§ Data provided:

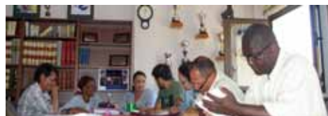
Grup de participació d'EAPN-IB
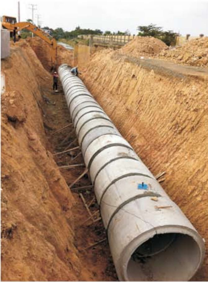
ការស្ថាបនាសំណង់ស្រោចស្រព ដំណាំស្រូវតំបន់ក្រាំងពង្រ ខណ្ឌដង្កោ រាជធានីភ្នំពេញ
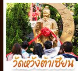
วัดเซ่งต้าซิงหน
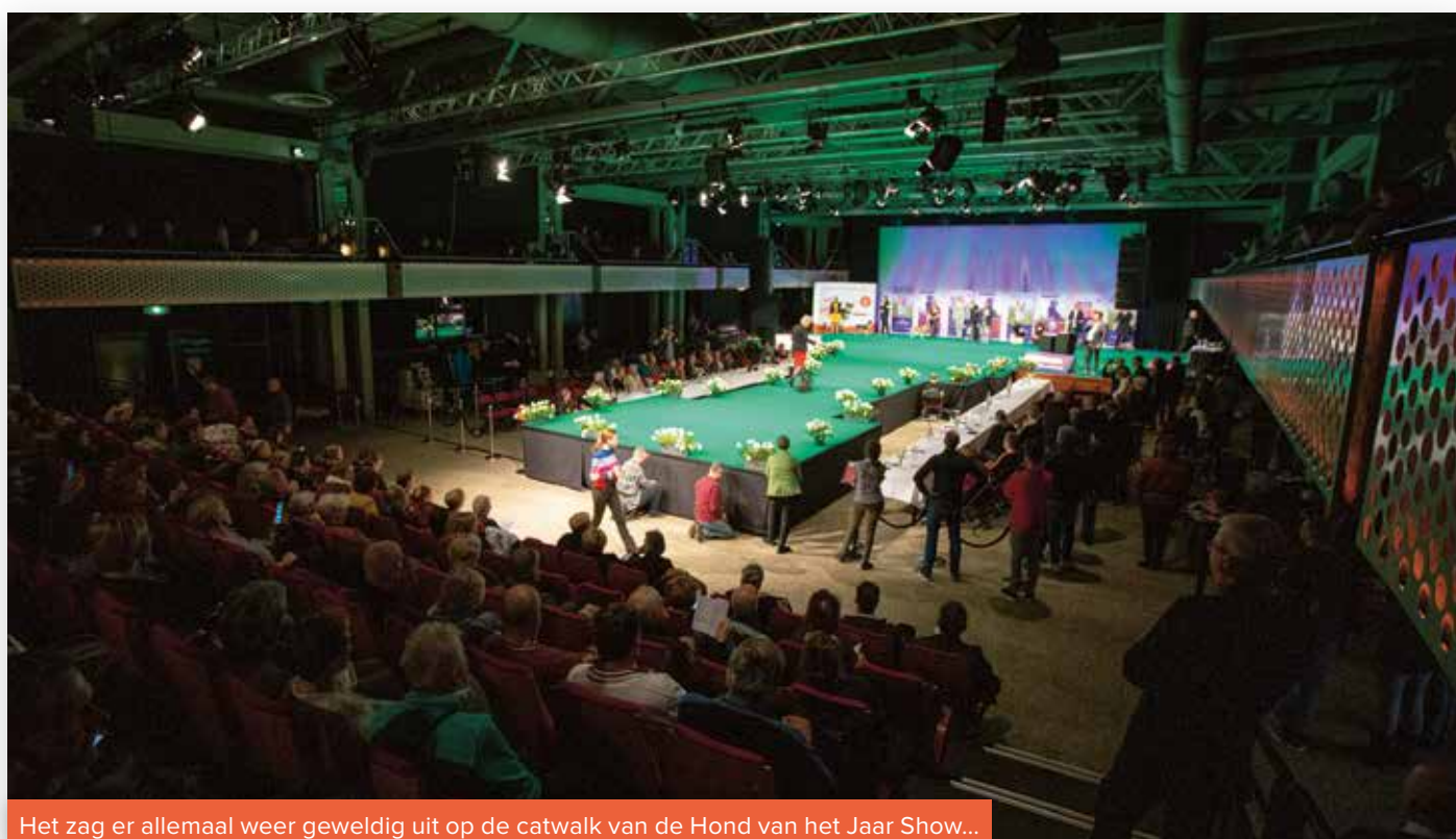
Het zag er allemaal weer geweldig uit op de catwalk van de Hond van het Jaar Show...
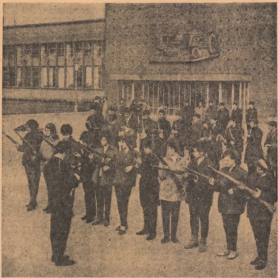
Pe platoul central al uzinelor „Tractorul”-Brașov, fetele și băieții au început orele de pregătire militară generală
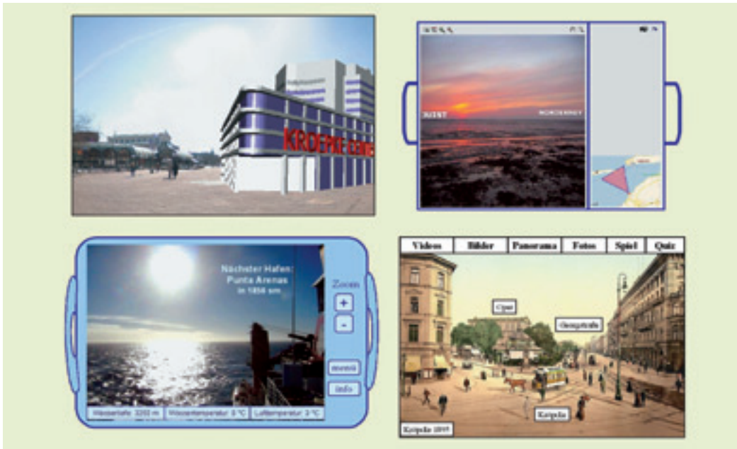
Abbildung 3 Im Brainstorming erarbeitete Szenarien. Augmentierung einer Stadtscene, des Wattenmeers oder des Horizonts (an Bord eines Schiffs), sowie rein virtuelles, historisches Panorama.

fasst werden. Kamera, Bildschirm, Touchscreen und Drehgeber sind an einen Standard-PC angeschlossen, so dass übliche Entwicklungswerkzeuge genutzt werden können.
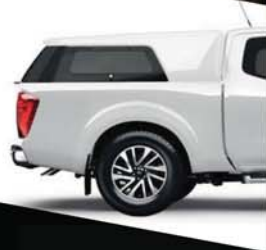
HARDTOP PREMIUM KE850-4K51T*

EMMENEZ VOTRE NAVARA OFF-ROADER AT32 ENCORE PLUS LOIN AVEC LES ACCESSOIRES AUTHENTIQUES NISSAN ET BIEN PLUS ENCORE, DISPONIBLES SUR LE SITE WEB DE NISSAN !
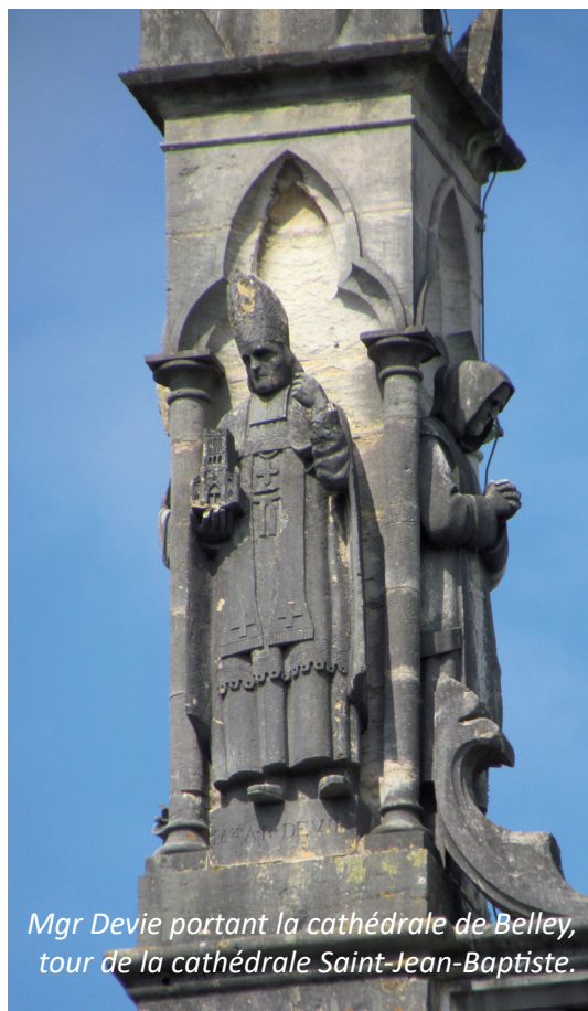
Mgr Devie portant la cathédrale de Belley, tour de la cathédrale Saint-Jean-Baptiste.
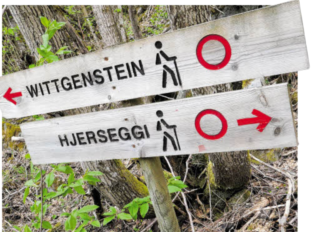
Das Schild weist den Weg zu Wittgenstein und seinem Refugium „Austerrike“ in Skjolden.

In Wien wünscht sich zur gleichen Zeit eine Plattform durchaus etwas mehr Lärm um den großen Denker. In seiner Geburtsstadt gestaltet sich das Nachleben Ludwig Wittgensteins (1889–1951) ziemlich still – zu still, wenn es nach Radmila
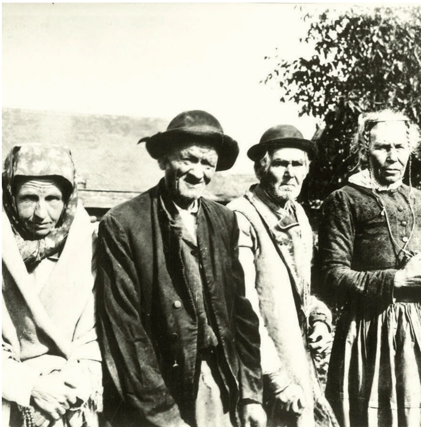
Lidový oděv nejstarší generace. Kunovice, kolem roku 1895. Soukromý archiv.
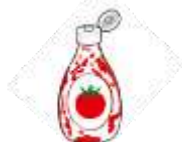
汚れが落ちないもの
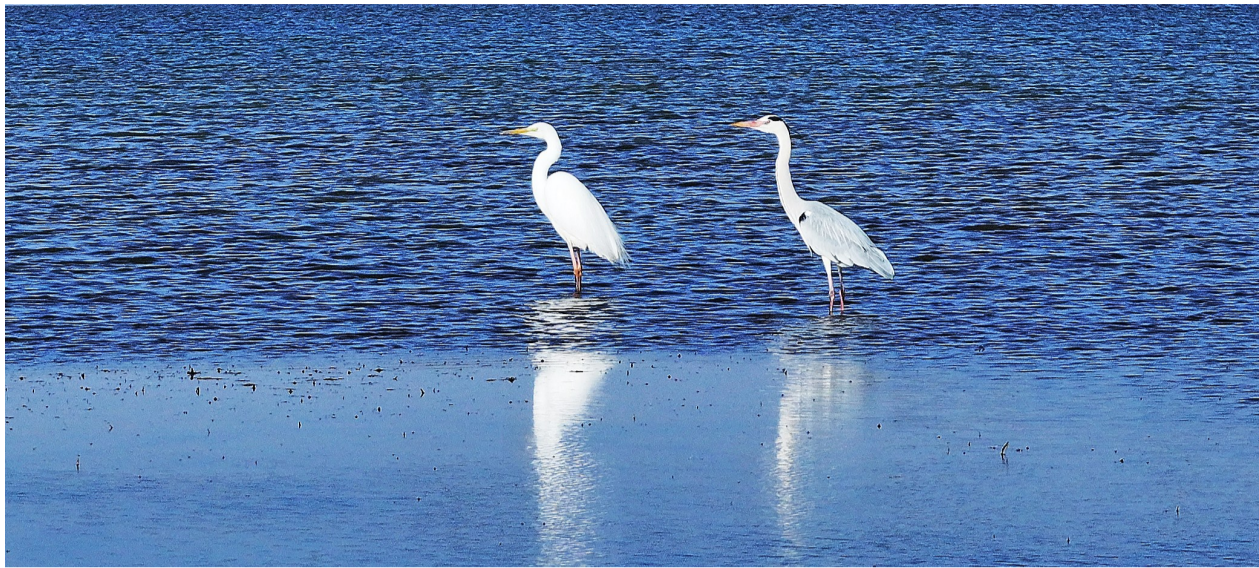
优雅的苍鹭。
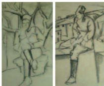
Achille Funi Soldato che fuma la pipa, 1918. Collezione privata, Milano
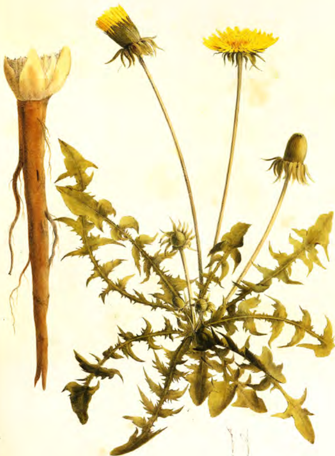
11 Leontodon taraxacum
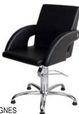
Křeslo AGNES Běžná cena 7.480,- Akční cena 5.980,-
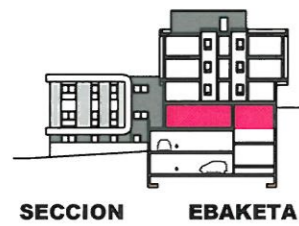
SOTANO 1 LEHENENGO SOTOA LOCAL / LOKALA
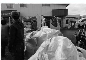
青年部農業容器回収
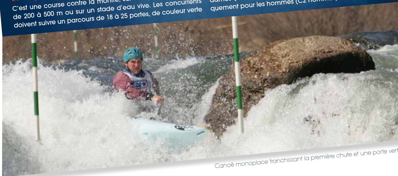
Canoë monoplace franchissant la première chute et une porte verte

Le canoë-kayak comprend 2 types d'embarcations bien distinctes : le canoë (position à genou, propulsé à l'aide d'une pagaie simple) et le kayak (position assise, propulsé à l'aide d'une pagaie double). Ainsi les différentes catégories sont les suivantes : kayak monoplace homme et dame (K1 Hommes, K1 Dames), canoë monoplace homme et dames (C1 Hommes, C1 Dames), et canoë biplace, uniquement pour les hommes (C2 Hommes).
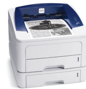
Illustration de la Phaser 3250 avec le magasin 2 en option
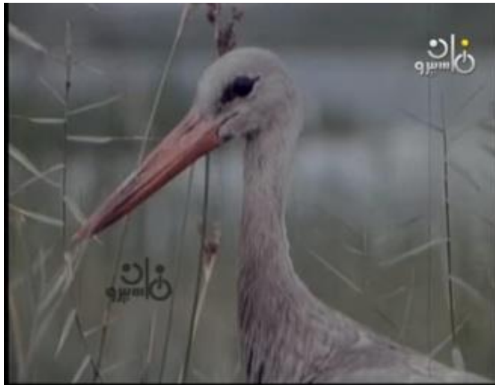
صورة رقم (٢٦) نطائر يظهر امام علي وهو يدرس
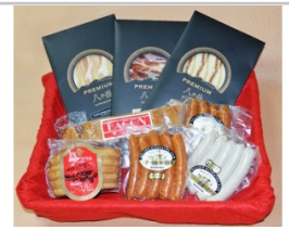
〔KH-05〕信州きたやつハムセット厳選8品セット
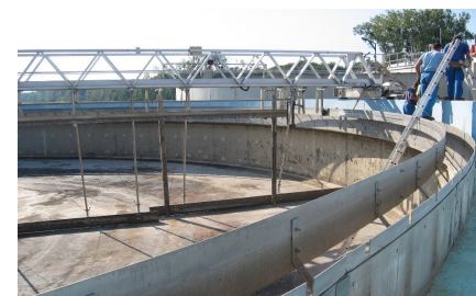
Clarificateur d'une STEU à boues activées
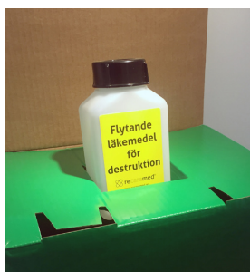
Destruktion av flaska med flytande läkemedelsavfall i en recarebox
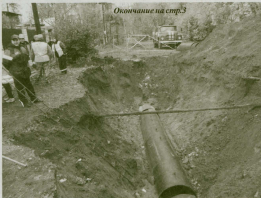
Окончание на стр.3

- И насколько типично для Малаховки то, что труба более сорока лет спокойно лежала в первозданном виде и потом в один момент выдала подобный «фортель»? И не может ли подобная авария произойти в любой части поселка?
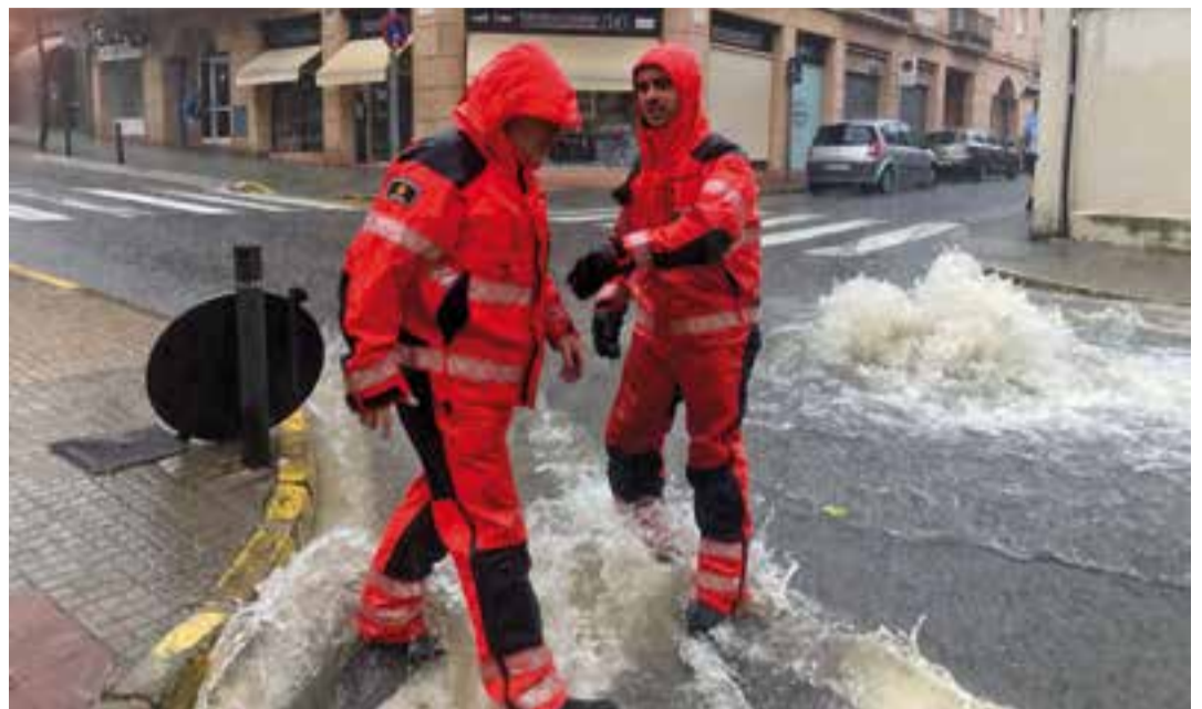
Dos bombers al carrer Passeig traient les tapes d'embornal en un moment de forta pluja.

A l'àrea industrial del Pla de la Bruguera, al carrer de Priorat, 58, es va haver de salvar del perill de caiguda “el sostre d'una nau, que va cedir” , diu Altarriba. A més, també es va fer algun sanejament de façana, “com és ara el del carrer Fàbregas, cantonada passeig, per netejar un voladís” . Es van detectar també forats a la calçada a causa de l'aigua, al carrer Doctor Rovira, on es va fer sortida de bombers, i a l'alçada de la Dona Acollidora, on ja no va caldre l'assistència. Segons apunta també la policia municipal, un grup semafòric del carrer Pedrissos, i d'altres, es van quedar sense electricitat i un vehicle va quedar amb dues rodes en una tapa de clavegueram. A l'avinguda II de setembre, un contenidor es va moure de lloc, afectant un vehicle. +
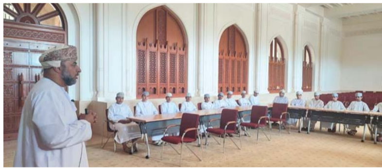
المحاضرة هدفت إلى التعريف بالذكاء الاصطناعي

إنتاج المهام الدراسية، مثل التلخيص، والمراجعة، والترجمة، وإعداد الرسومات التوضيحية، وذلك من خلال عرض أمثلة تطبيقية مباشرة باستخدام عدد من التطبيقات والمواقع المجانية. كما تناول الحاضر مجموعة من القواعد الأساسية للاستخدام الآمن والمسؤول لأدوات الذكاء الاصطناعي في المجال التعليمي، من أبرزها: عدم مشاركة البيانات الشخصية، واستخدام هذه الأدوات كمساند للتعليم لا كبديل لجهد الطالب، إلى جانب التأكيد على أن الذكاء الاصطناعي أداة مساعدة لا تخفي عن دور المعلم أو الكتاب المدرسي. واختتمت المحاضرة بعرض مجموعة من الأفكار الإبداعية والأنشطة التفاعلية التي يمكن للطلبة الاستفادة منها في دراستهم، مثل إعداد بطاقات مراجعة وأسئلة تدريبية

§ Assigned task: Print exactly, with no pictures, the lines above from the one that holds "HARDTOP PREMIUM KE850-4K51T*" through the one that holds "Das Schild weist", both of them included.

§ Written answer:
HARDTOP PREMIUM KE850-4K51T*

EMMENEZ VOTRE NAVARA OFF-ROADER AT32 ENCORE PLUS LOIN AVEC LES ACCESSOIRES AUTHENTIQUES NISSAN ET BIEN PLUS ENCORE, DISPONIBLES SUR LE SITE WEB DE NISSAN !
Mgr Devie portant la cathédrale de Belley, tour de la cathédrale Saint-Jean-Baptiste.
Das Schild weist den Weg zu Wittgenstein und seinem Refugium „Austerrike“ in Skjolden.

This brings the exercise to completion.